Sous ses airs de naïve comédie pour adolescents, l'Ecole du bien et du mal nous offre en réalité une véritable réflexion sur le manichéisme à l'ère du néo-libéralisme décomplexé. Nos deux protagonistes, Sabrina et Jennifer Lawrence, ""meilleures amies""", se retrouvent propulsées à l'Ecole du bien et du mal. Derrière son concept clivant, l'école va se révéler être une métaphore filée avec grande justesse du système patriarcal, et dénoncer la zizanie semée par le libéralisme au sein des luttes progressistes.
Sabrina l'apprentie sorcière est assignée à l'Ecole du Mal, ou peut-être devrais-je dire du mâle... ? Jeune première naïve et pleine d'ambition, elle se laisse corrompre par Rafal, aka Mopheus, homme à poste de pouvoir et plus âgé qu'elle. Morpheus représente à n'en pas douter les dynamiques hétéro patriarcales poussant les jeunes filles à chercher la validation et l'amour perverti des hommes plus âgés en mal de domination virile. Sabrina va, sous son regard, découvrir son énergie sexuelle (avec la complicité de Lesso, jouée par Charlize Theron, qui l'initie au BDSM) et libérer son sex appeal. Elle va toutefois découvrir que le regard des hommes corromps toujours, et que son amour (platonique bien sûr) pour son amie Jennifer est le seul qui durera à jamais et la rendra heureuse pour toujours.
Jennifer est ce que les plus rageux appeleront une "woke" qui lutte contre son hétérosexualité compulsive afin de détourner Sabrina des dangers de la sexualisation et du regard masculin.
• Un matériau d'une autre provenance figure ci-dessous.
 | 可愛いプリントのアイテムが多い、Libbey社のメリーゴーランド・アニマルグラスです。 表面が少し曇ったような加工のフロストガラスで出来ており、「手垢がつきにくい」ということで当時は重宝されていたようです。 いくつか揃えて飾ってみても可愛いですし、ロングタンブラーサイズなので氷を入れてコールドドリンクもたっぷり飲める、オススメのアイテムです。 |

Jennifer comprend la complexité du monde et ne se laisse pas abuser par celles et ceux qui tentent de lui faire croire que le monde est noir ou blanc, et qu'il faut choisir un camp. Elle conçoit la complexité narrative de chaque être humain, et appelle très clairement à abolir le genre. Bien qu'elle n'en soit qu'à ses premiers pas dans le militantisme, et qu'il lui reste encore bien du chemin à parcourir, il n'est pas difficile de voir en Jennifer une féministe radicale en puissance.
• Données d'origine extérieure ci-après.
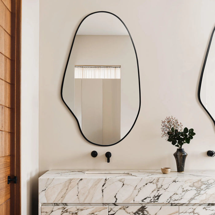 The irregular oval mirror has a unique design with a modern aesthetic, adding a fresh artistic touch to your living space. Crafted from high-quality MDF, the mirror is durable and has a smooth surface that's easy to clean. The black frame perfectly complements the mirror's oval shape, adding a touch of understated elegance and luxury. Whether mounted above a vanity, as an accent over an entryway table, or above a sink, this mirror enhances the beauty and functionality of any room. Its design prioritizes style and practical flexibility—you can choose to hang it vertically or horizontally to suit different space layouts and personal preferences. Its modern minimalist style allows it to seamlessly blend into various interior designs, becoming a striking focal point in your home.
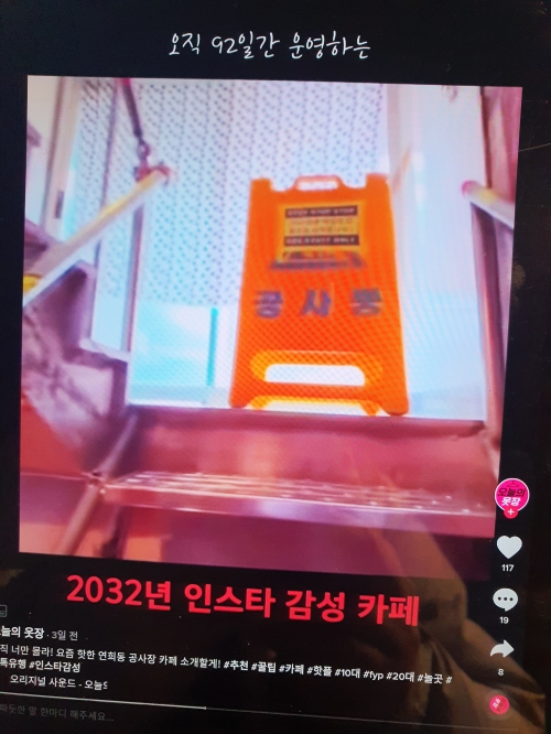 요즘 MZ세대 폰에서는 공사장카페 이야기가 화재가 되고 있습니다. 정말 말 그대로 공사장카페 입니다. MZ세대는 1997년에서2012년 사이에 태어난 사람들이 포함되며 기술의 광범위한 사용, 디지털 지식 및 글로벌 상호 연결성이 특징입니다. 그들은 삶의 필수적인 부분으로 기술과 함께 성장한 최초의 진정한 디지털 원주민으로 간주됩니다. 그들은 종종 자신감 있고 관용적이며 열린 마음으로 묘사되며 개성과 다양성을 강조합니다.
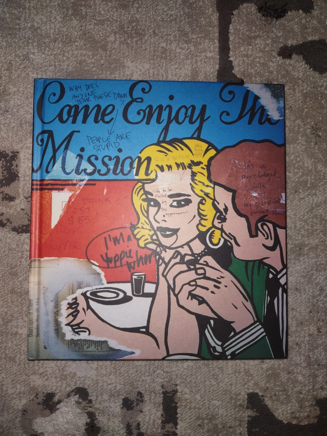 This is the 'Come Enjoy The Mission' book. It features a pop art style cover with various handwritten notes and doodles. The artwork is vibrant and eye-catching.

Les personnages masculins secondaires offrent un éventail passionnant qui permet de questionner la nature même de la virilité et les injonctions qui pèsent sur les hommes, ainsi que leurs privilèges. Le plus flagrant est bien sûr le cas de Gregor, jeune homme doux et un peu fragile qui ne répond pas aux exigences de son genre : faible, il a peur du sang, ne sait pas manier l'épée ni monter à cheval. Très rapidement, Gregor, pourtant empathique et plein de qualités, se retrouve littéralement broyé par le système, à l'instar de tous les jeunes gens qui échouent à l'école du Bien. Avec ce personnage, le film met en exergue l'absurdité des injonctions genrées dans un système normé qui ne permet aucun écart.
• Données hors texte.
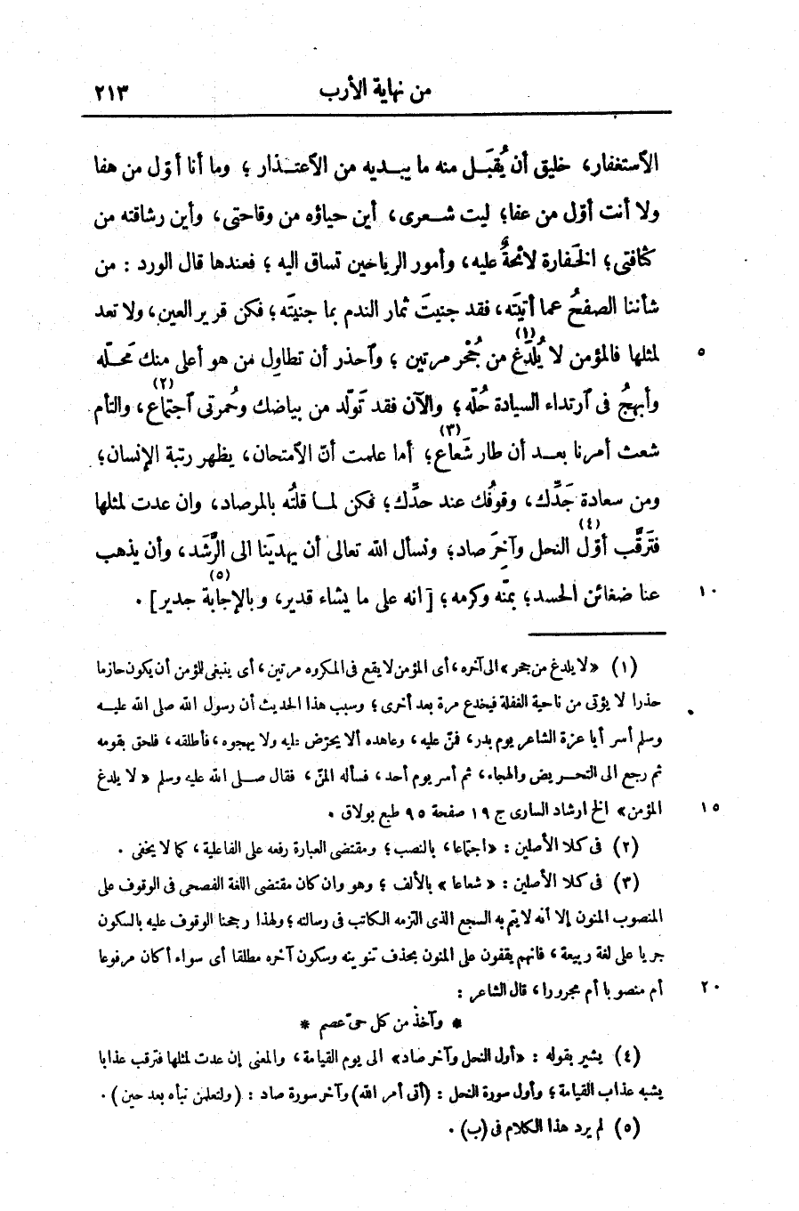 الاستغفار، خليق أن يقبل منه ما يبديه من الاعتذار؛ وما أنا أوّل من هفا ولا أنت أوّل من عفا؛ ليت شعرى، أين حياؤه من وقاحتى، وأين رشاقته من كثافتى؛ الخفارة لائحة عليه، وأمور الرياحين تساق اليه؛ فعندها قال الورد: من شأننا الصفح عما أتيته، فقد جنيت ثمار الندم بما جنيته؛ فكن قرير العين، ولا تعد لمثلها فالمؤمن لا يلدغ «1» من جحر مرتين؛ واحذر أن تطاول من هو أعلى منك محلّه وأبهج فى ارتداء السيادة حلّه؛ والآن فقد تولّد من بياضك وحمرتى اجتماع «2» ، والتأم شعث أمرنا بعد أن طار شعاع «3» ؛ أما علمت أنّ الامتحان، يظهر رتبة الإنسان؛ ومن سعادة جدّك، وقوفك عند حدّك؛ فكن لما قلته بالمرصاد، وان عدت لمثلها فترقّب أوّل «4» النحل وآخر صاد؛ ونسأل الله تعالى أن يهدينا الى الرّشد، وأن يذهب عنا ضغائن الحسد؛ بمنّه وكرمه؛ [انه على ما يشاء قدير، وبالإجابة «5» جدير] .

Le plus intéressant dans ce long métrage est sans conteste la dualité entre le Bien et le Mal. Le Bien nous présente des personnages lisses, propres sur eux et vaniteux, mais plein de bonnes manières. Ils représentent la bourgeoisie qui étouffe la lutte des classes en prétendant agir pour le bien commun. On pourrait presque penser que Netflix fait là son auto-critique. Le Mal, lui, est constitué de personnages abimés et repoussants, parfois certes frontalement violents, mais le sont-ils vraiment davantage que le machiavélisme du "bien" ...? Le camp du mal est un appel à la révolution, reprenant sans concession une esthétique punk. En questionnant frontalement l'inversion des valeurs propre à notre époque, Paul Feig nous propose là une critique dans un film qu'on pourrait quasiment rattacher au mouvement du réalisme social.